Engineering Contradictions & Design Principles
Engineering Contradiction Analysis
1Reliability
If traditional building systems are used to monitor HVAC equipment, then system simplicity is maintained, but equipment degradation occurs rapidly due to unmonitored operating conditions
Solution Approach 1:
The system enables self-service by allowing the HVAC equipment to monitor and manage its own oil conditions automatically. The oil management controller continuously analyzes operating data and triggers corrective actions without external intervention, making the system self-diagnosing and self-correcting regarding oil deficiencies
Solution Approach 2:
The patent replaces traditional mechanical monitoring systems with an intelligent electronic system that uses machine learning models. The processing circuit analyzes operating data through software-based algorithms rather than simple mechanical sensors, enabling predictive analytics and automated decision-making for oil management
2Measurement precision
If machine learning models are implemented to predict oil states, then oil management precision is improved, but device complexity increases
Solution Approach 1:
The system performs preliminary action by using machine learning models to predict future oil states before actual deficiencies occur. The processing circuit analyzes current operating data to forecast oil level, viscosity, and other parameters, enabling proactive maintenance before equipment degradation happens
Solution Approach 2:
The patent introduces an intermediary layer between raw sensor data and control decisions. The machine learning model acts as a mediator that processes complex operating data and translates it into actionable insights about oil conditions, bridging the gap between sensor inputs and corrective actions
3Productivity
If automatic corrective actions are initiated for oil deficiencies, then maintenance costs are reduced, but loss of time for system intervention increases
Solution Approach 1:
The system implements continuous feedback by monitoring operating conditions and automatically adjusting oil management based on real-time data.
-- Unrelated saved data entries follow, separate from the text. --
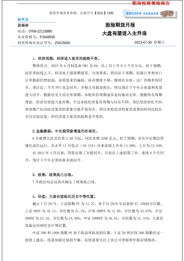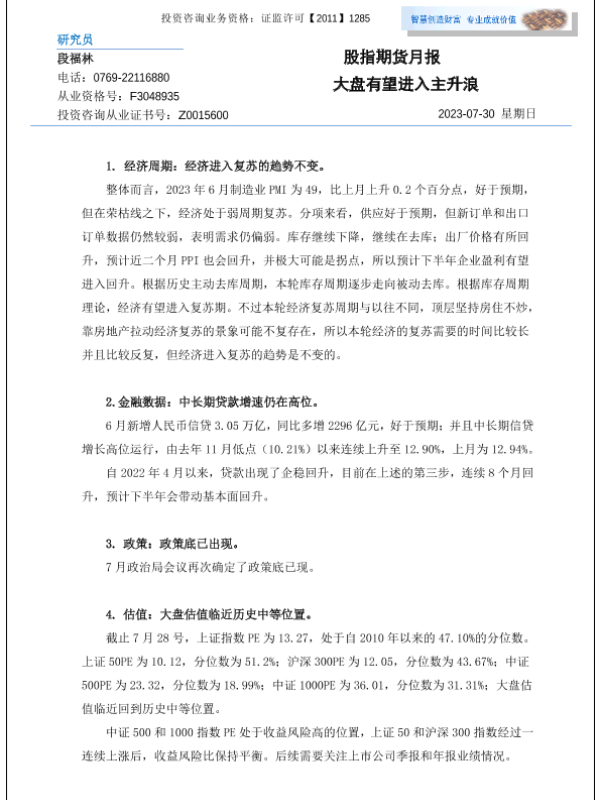 【华联期货】【20230730】股指期货月报:大盘有望进入主升浪-15页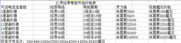 既然了解了结界等级和召唤多少星级的幻兽,然后我们改讲解需要开启结界的价格了。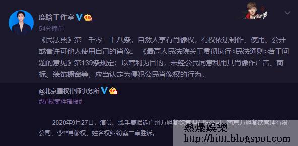 鹿晗的工作室在法院宣判後,轉發律師樓的微博,並提醒有肖像權相關的法律保護,呼籲切勿以身試法。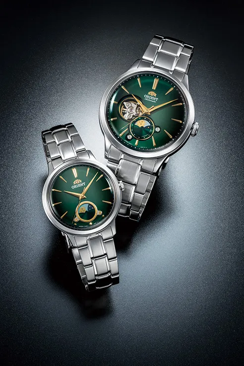 「ORIENT」からグリーンダイヤルが鮮烈な70周年限定の『SUN&MOON』ペアウオッチが登場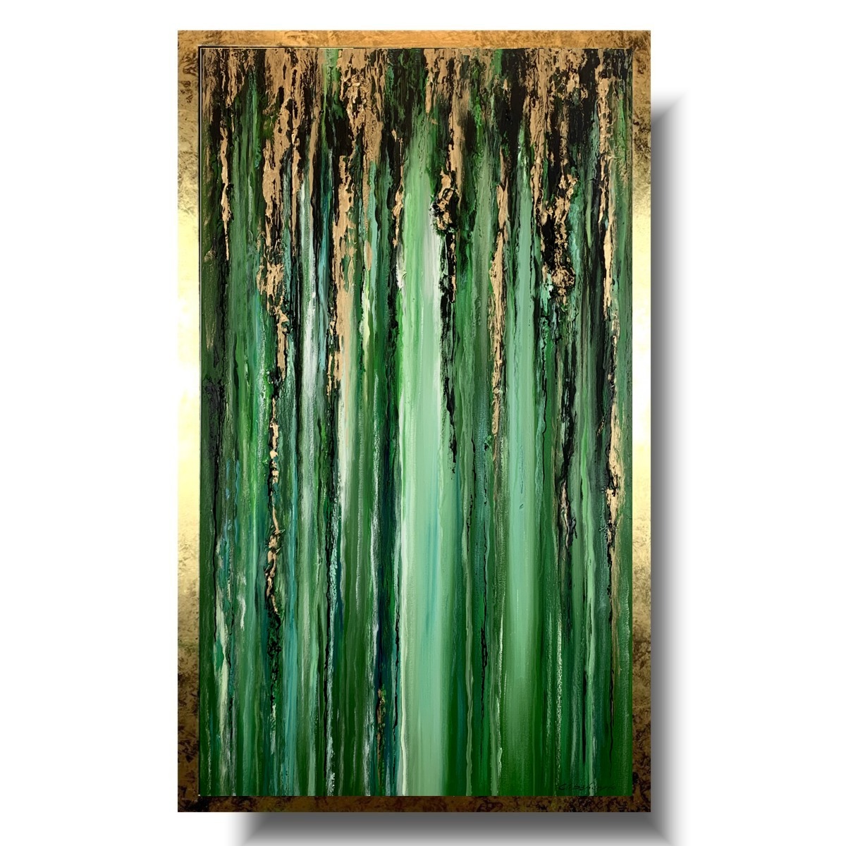Kolorystyka obrazu: złoty, zielony, biały, czarny + złota przecierana rama (listwa szerokości 4cm i grubości 2,5cm) .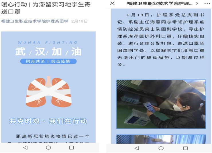 排各班級(jí)進(jìn)行調(diào)查摸排,準(zhǔn)確掌握每一個(gè)學(xué)生的活動(dòng)軌跡以及健康狀況。在摸排過(guò)程中,得知滯留于實(shí)習(xí)地的學(xué)生存在缺少口罩的困難。護(hù)理系黨總支疫情防控黨員突擊隊(duì)迅速行動(dòng),協(xié)調(diào)從護(hù)理系實(shí)訓(xùn)儲(chǔ)備物資中調(diào)撥部分口罩,寄送口罩至困難同學(xué)處,幫助滯留于實(shí)習(xí)地的學(xué)生解決實(shí)際困難。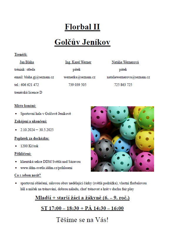 DDM Světlá nad Sázavou, pobočka Golčův Jeníkov nabízí kroužek Florbalu II.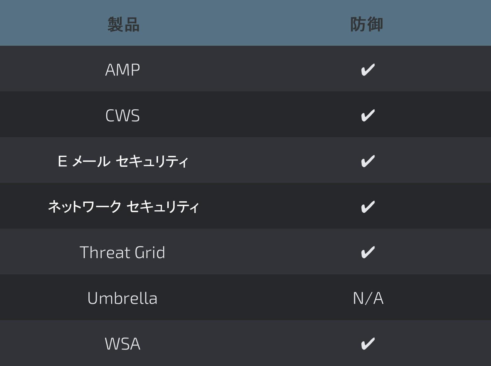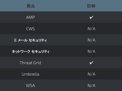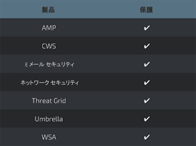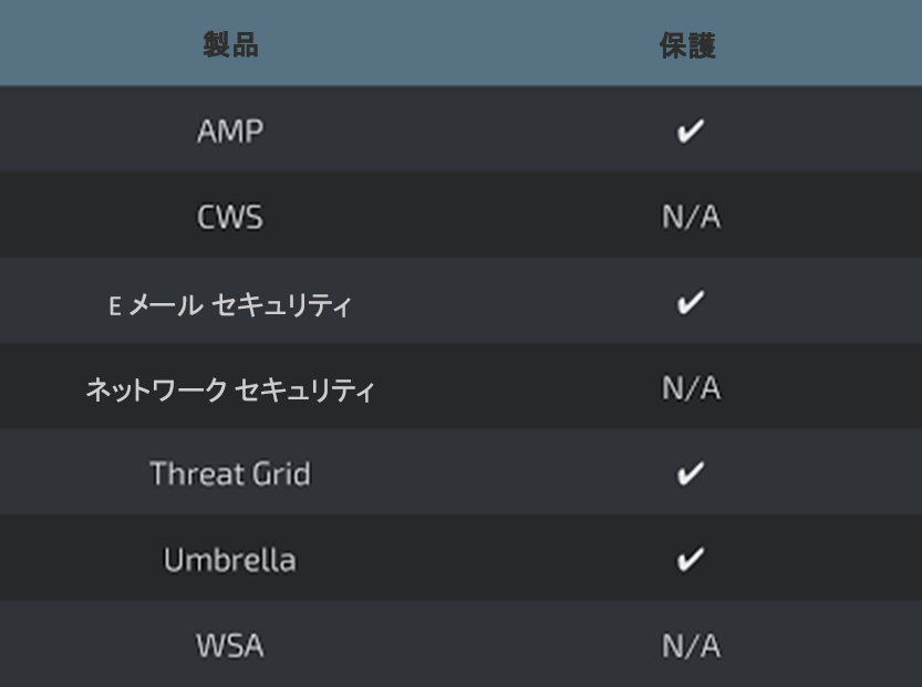 下記の脅威に関してここで記載する情報は、すべてを網羅しているわけではないこと、また公開日の時点では最新のものであることに留意してください。以下の脅威に対する検出とカバレッジは、今後の脅威または脆弱性分析により更新される場合があります。最新の情報については、FireSIGHT Management Center、Snort.org、または ClamAV.net を参照してください。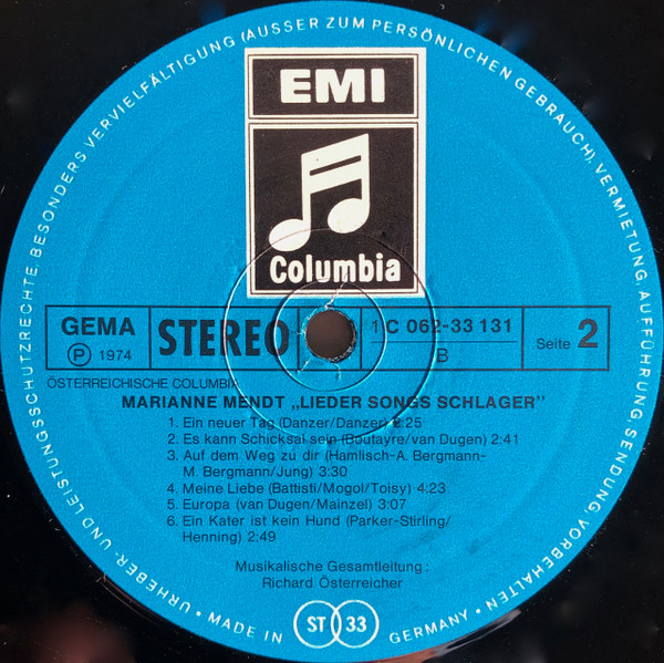 Vinyl / Marianne Mendt - Lieder Songs Schlager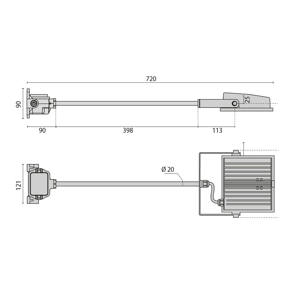 The operating device is included and the LED headlight operates at a voltage of 220-240V. The size is LxWxH: 23.1x20.7x5.8 cm and the ambient temperature should be between -15 and +35°C. The switch-on current is 10A / 600µs and the power factor COS ? is 0.9.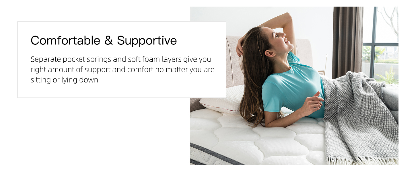 The independent pocket springs and multi-layer comfort foams provide targeted spinal support and keep your spine aligned throughout the night, helping you relieve pressure on sensitive sleep areas like the neck, shoulders, back, and hips.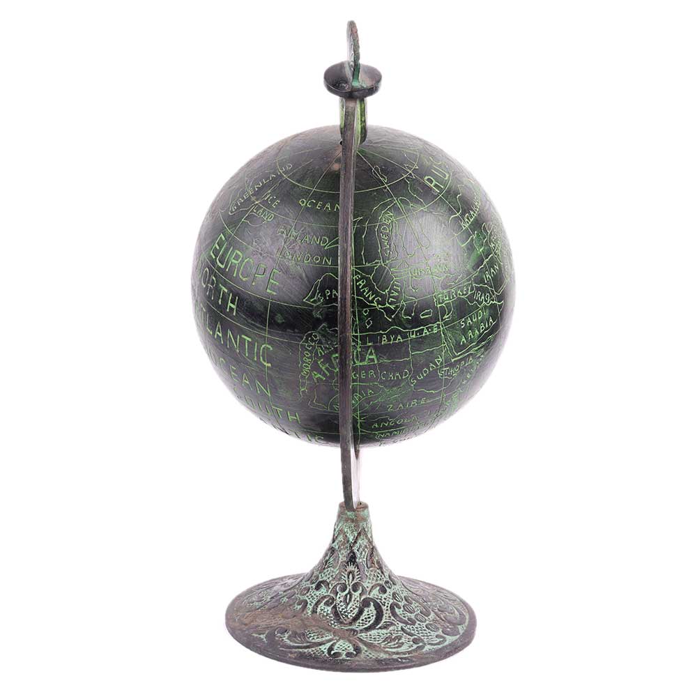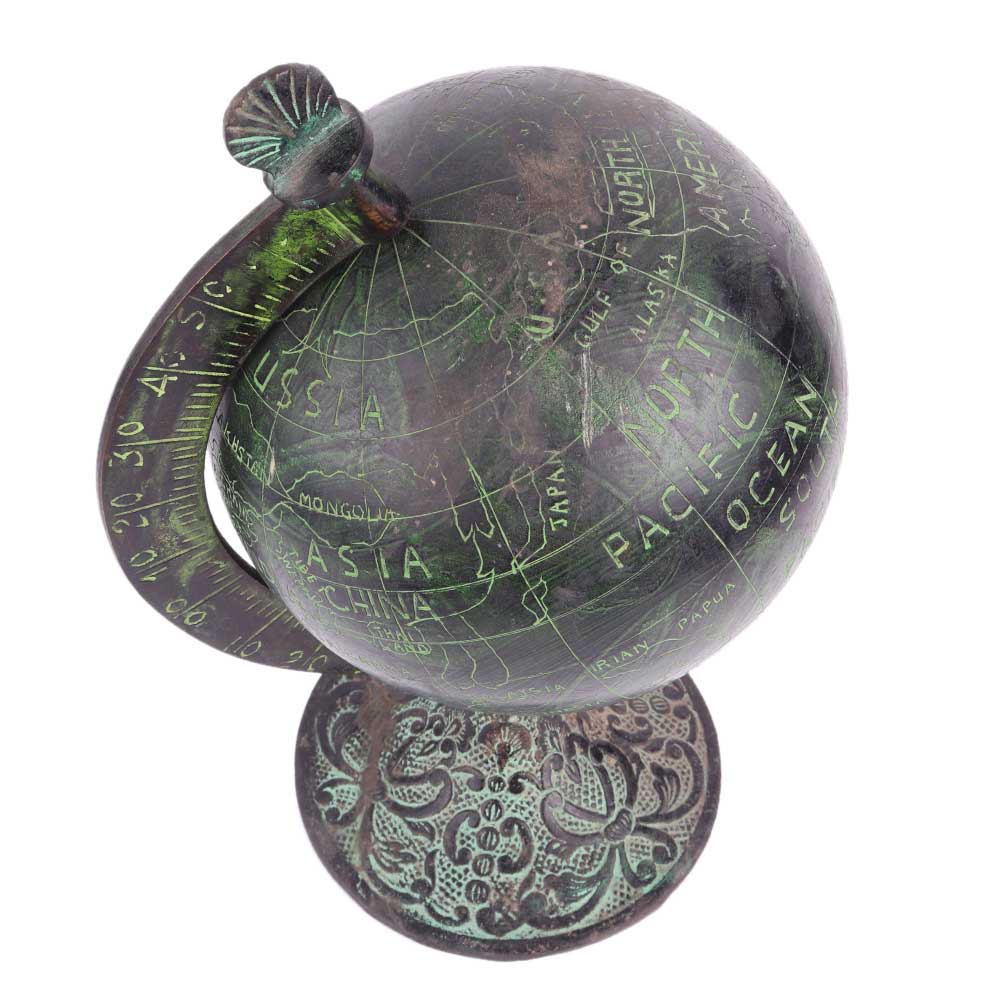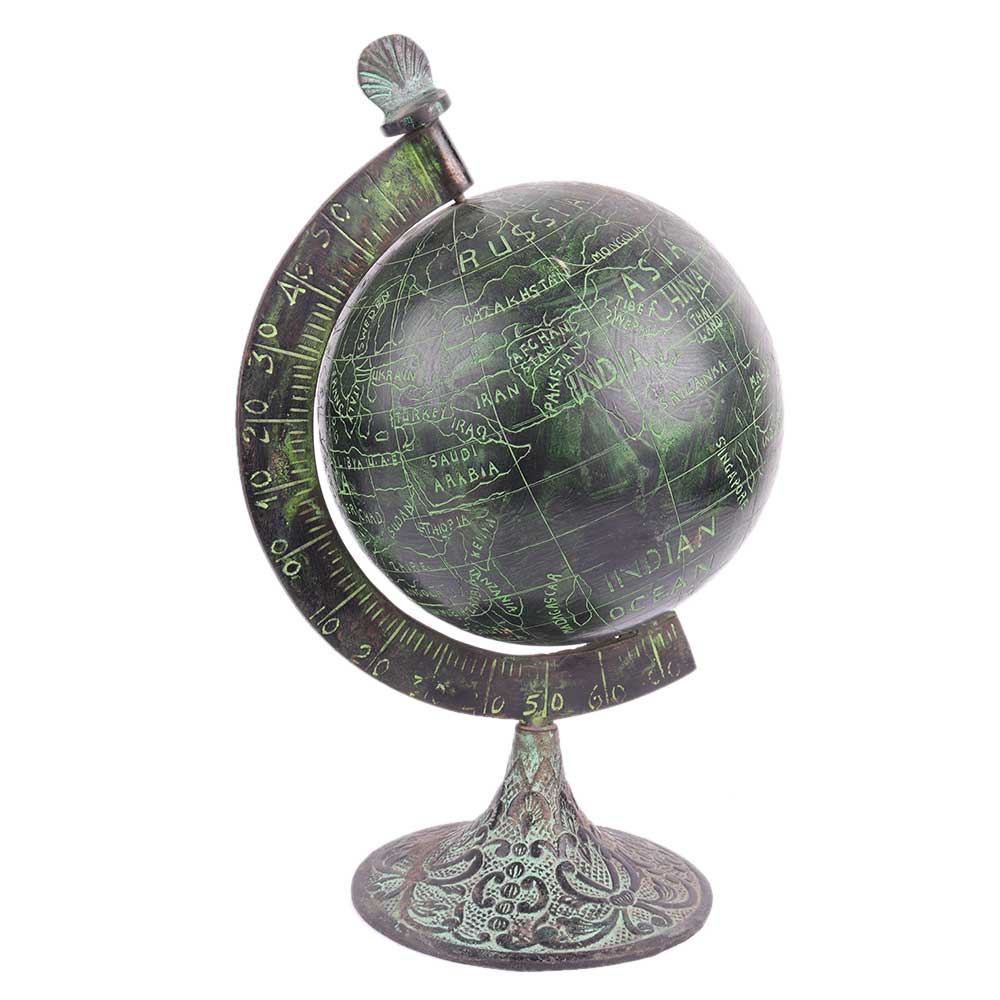 Brass Handcrafted world globe on a stand that lends a vintage look to any office desk or your study table. The perfect addition to kids room for endless journeys of fun and learning. Diwali gift, birthday gift, school decoration.

The oil management controller receives feedback from sensors and machine learning predictions, then automatically initiates corrective actions such as oil replenishment or viscosity adjustment without human intervention
Solution Approach 2:
The patent applies dynamics by making the oil management system adaptive and responsive to changing operating conditions. The machine learning models continuously learn from new data, and the control parameters are dynamically adjusted based on current equipment state, enabling the system to optimize maintenance timing and actions
Data Source
AI summary
An oil management controller for heating, ventilation, or air conditioning (HVAC) equipment. The controller includes a processing circuit. The processing circuit is configured to analyze operating data for the HVAC equipment using a machine learning model to predict a variable state or condition of oil used by the HVAC equipment. The processing circuit is configured to identify an oil deficiency based on the variable state or condition of the oil. The processing circuit is configured to automatically initiate a corrective action responsive to identifying the oil deficiency.